The pharmacological properties and therapeutic use of apomorphine

Affiliations
Review

The pharmacological properties and therapeutic use of apomorphine

Samo Ribarič. Molecules. .

Abstract

Apomorphine (APO) is an aporphine derivative used in human and veterinary medicine. APO activates D₁, D(2S), D(2L), D₃, D₄, and D₅ receptors (and is thus classified as a non-selective dopamine agonist), serotonin receptors (5HT(1A), 5HT(2A), 5HT(2B), and 5HT(2C)), and α-adrenergic receptors (α(1B), α(1D), α(2A), α(2B), and α(2C)). In veterinary medicine, APO is used to induce vomiting in dogs, an important early treatment for some common orally ingested poisons (e.g., anti-freeze or insecticides).
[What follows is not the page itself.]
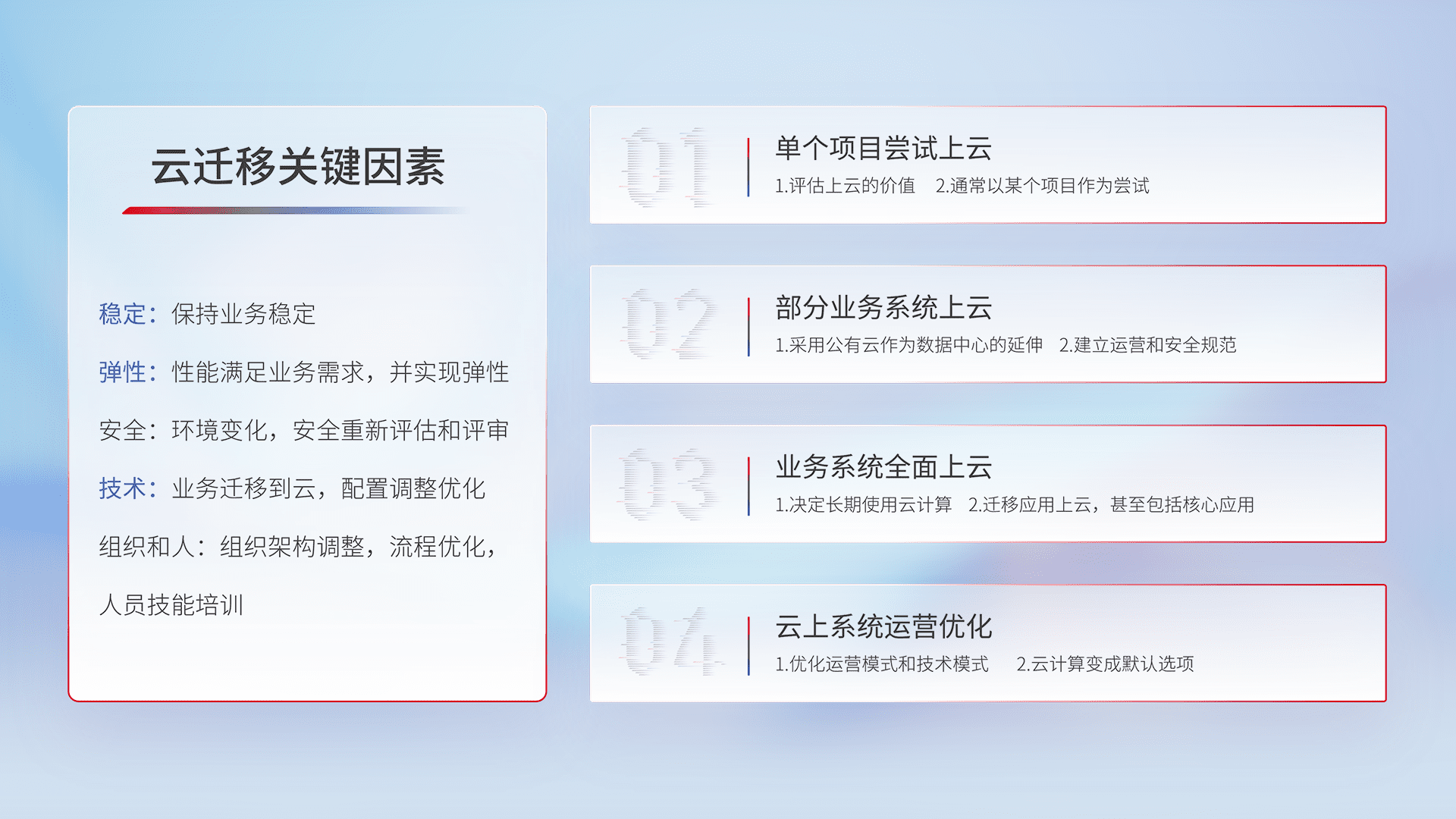 结合实际业务,,,从规划设计、、云平台选型、、云原生改造、、、、数据迁移、、、集成交付,,,迁移全过程为客户识别最佳上云路径,,,做好风险识别管理,,,设计网络架构、、、、身份权限、、、、安全审计合规、、、操作审计、、日志审计、、监控告警策略、、、、多站点容灾设计等,,,对云上基础设施进行整体规划,,,提升IT治理水平,,,以满足弹性、、、高可用、、、高性能的需求。。。。

In human medicine, it has been used in a variety of treatments ranging from the treatment of addiction (i.e., to heroin, alcohol or cigarettes), for treatment of erectile dysfunction in males and hypoactive sexual desire disorder in females to the treatment of patients with Parkinson's disease (PD). Currently, APO is used in patients with advanced PD, for the treatment of persistent and disabling motor fluctuations which do not respond to levodopa or other dopamine agonists, either on its own or in combination with deep brain stimulation. Recently, a new and potentially important therapeutic role for APO in the treatment of Alzheimer's disease has been suggested; APO seems to stimulate Aβ catabolism in an animal model and cell culture, thus reducing the rate of Aβ oligomerisation and consequent neural cell death.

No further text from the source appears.